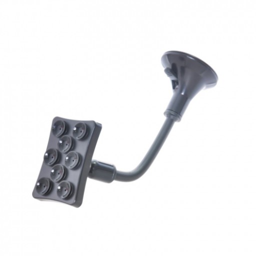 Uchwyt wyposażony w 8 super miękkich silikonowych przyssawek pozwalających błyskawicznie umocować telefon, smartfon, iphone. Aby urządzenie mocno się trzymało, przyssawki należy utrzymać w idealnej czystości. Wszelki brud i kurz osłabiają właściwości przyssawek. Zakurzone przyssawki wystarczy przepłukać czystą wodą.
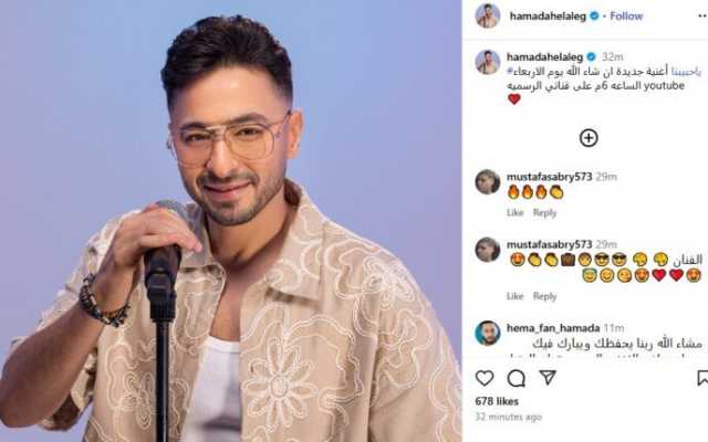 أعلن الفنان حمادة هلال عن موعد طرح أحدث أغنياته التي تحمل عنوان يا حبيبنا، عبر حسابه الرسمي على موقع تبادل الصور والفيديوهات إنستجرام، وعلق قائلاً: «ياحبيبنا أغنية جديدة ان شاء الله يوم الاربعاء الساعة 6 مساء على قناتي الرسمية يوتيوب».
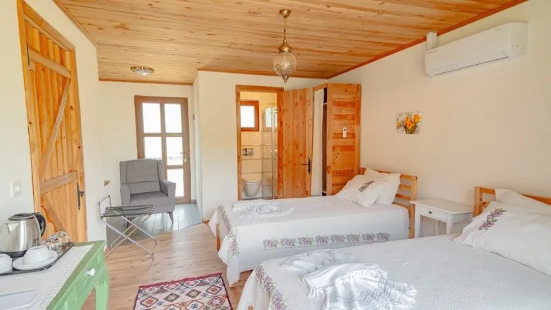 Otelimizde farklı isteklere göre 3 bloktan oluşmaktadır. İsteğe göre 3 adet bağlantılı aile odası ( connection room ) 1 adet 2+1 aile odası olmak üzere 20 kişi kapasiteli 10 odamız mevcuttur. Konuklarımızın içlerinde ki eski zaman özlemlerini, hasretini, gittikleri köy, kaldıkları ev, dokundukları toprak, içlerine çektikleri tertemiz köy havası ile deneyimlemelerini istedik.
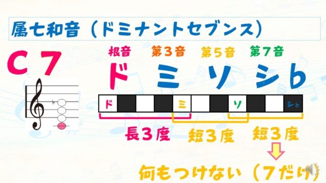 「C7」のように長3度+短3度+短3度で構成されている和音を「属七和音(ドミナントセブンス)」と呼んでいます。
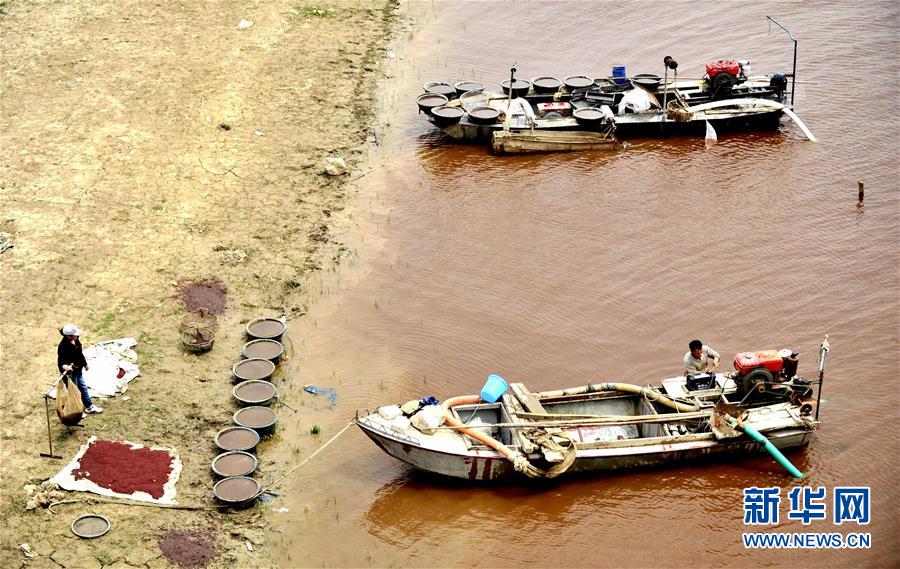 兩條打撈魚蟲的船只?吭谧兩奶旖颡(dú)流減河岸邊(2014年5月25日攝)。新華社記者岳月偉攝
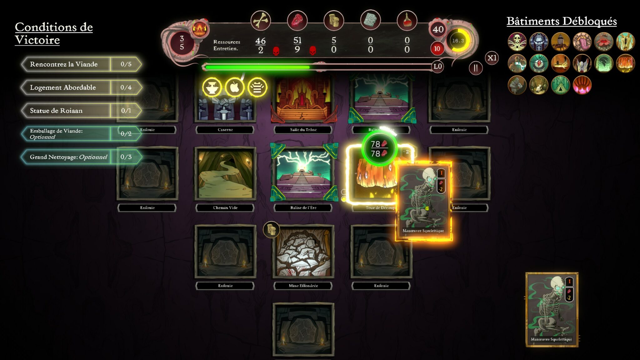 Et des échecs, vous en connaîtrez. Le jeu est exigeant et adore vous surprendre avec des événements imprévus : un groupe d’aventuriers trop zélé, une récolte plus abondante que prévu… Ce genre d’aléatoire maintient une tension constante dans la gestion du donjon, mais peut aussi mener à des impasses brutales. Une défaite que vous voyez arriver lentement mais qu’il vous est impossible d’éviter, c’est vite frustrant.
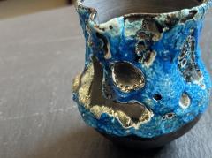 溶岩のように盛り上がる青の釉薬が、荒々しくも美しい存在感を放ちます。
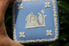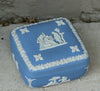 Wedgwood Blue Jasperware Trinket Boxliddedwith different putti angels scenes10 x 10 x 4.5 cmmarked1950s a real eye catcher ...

□ □ □

> **PROMPT**
Repeat each record exactly, with the pictures left out.

> **OUTPUT**
 Uchwyt wyposażony w 8 super miękkich silikonowych przyssawek pozwalających błyskawicznie umocować telefon, smartfon, iphone. Aby urządzenie mocno się trzymało, przyssawki należy utrzymać w idealnej czystości. Wszelki brud i kurz osłabiają właściwości przyssawek. Zakurzone przyssawki wystarczy przepłukać czystą wodą.
 أعلن الفنان حمادة هلال عن موعد طرح أحدث أغنياته التي تحمل عنوان يا حبيبنا، عبر حسابه الرسمي على موقع تبادل الصور والفيديوهات إنستجرام، وعلق قائلاً: «ياحبيبنا أغنية جديدة ان شاء الله يوم الاربعاء الساعة 6 مساء على قناتي الرسمية يوتيوب».
 Otelimizde farklı isteklere göre 3 bloktan oluşmaktadır. İsteğe göre 3 adet bağlantılı aile odası ( connection room ) 1 adet 2+1 aile odası olmak üzere 20 kişi kapasiteli 10 odamız mevcuttur. Konuklarımızın içlerinde ki eski zaman özlemlerini, hasretini, gittikleri köy, kaldıkları ev, dokundukları toprak, içlerine çektikleri tertemiz köy havası ile deneyimlemelerini istedik.
 「C7」のように長3度+短3度+短3度で構成されている和音を「属七和音(ドミナントセブンス)」と呼んでいます。
 兩條打撈魚蟲的船只?吭谧兩奶旖颡(dú)流減河岸邊(2014年5月25日攝)。新華社記者岳月偉攝
 Et des échecs, vous en connaîtrez. Le jeu est exigeant et adore vous surprendre avec des événements imprévus : un groupe d’aventuriers trop zélé, une récolte plus abondante que prévu… Ce genre d’aléatoire maintient une tension constante dans la gestion du donjon, mais peut aussi mener à des impasses brutales. Une défaite que vous voyez arriver lentement mais qu’il vous est impossible d’éviter, c’est vite frustrant.
 溶岩のように盛り上がる青の釉薬が、荒々しくも美しい存在感を放ちます。
 Wedgwood Blue Jasperware Trinket Boxliddedwith different putti angels scenes10 x 10 x 4.5 cmmarked1950s a real eye catcher ...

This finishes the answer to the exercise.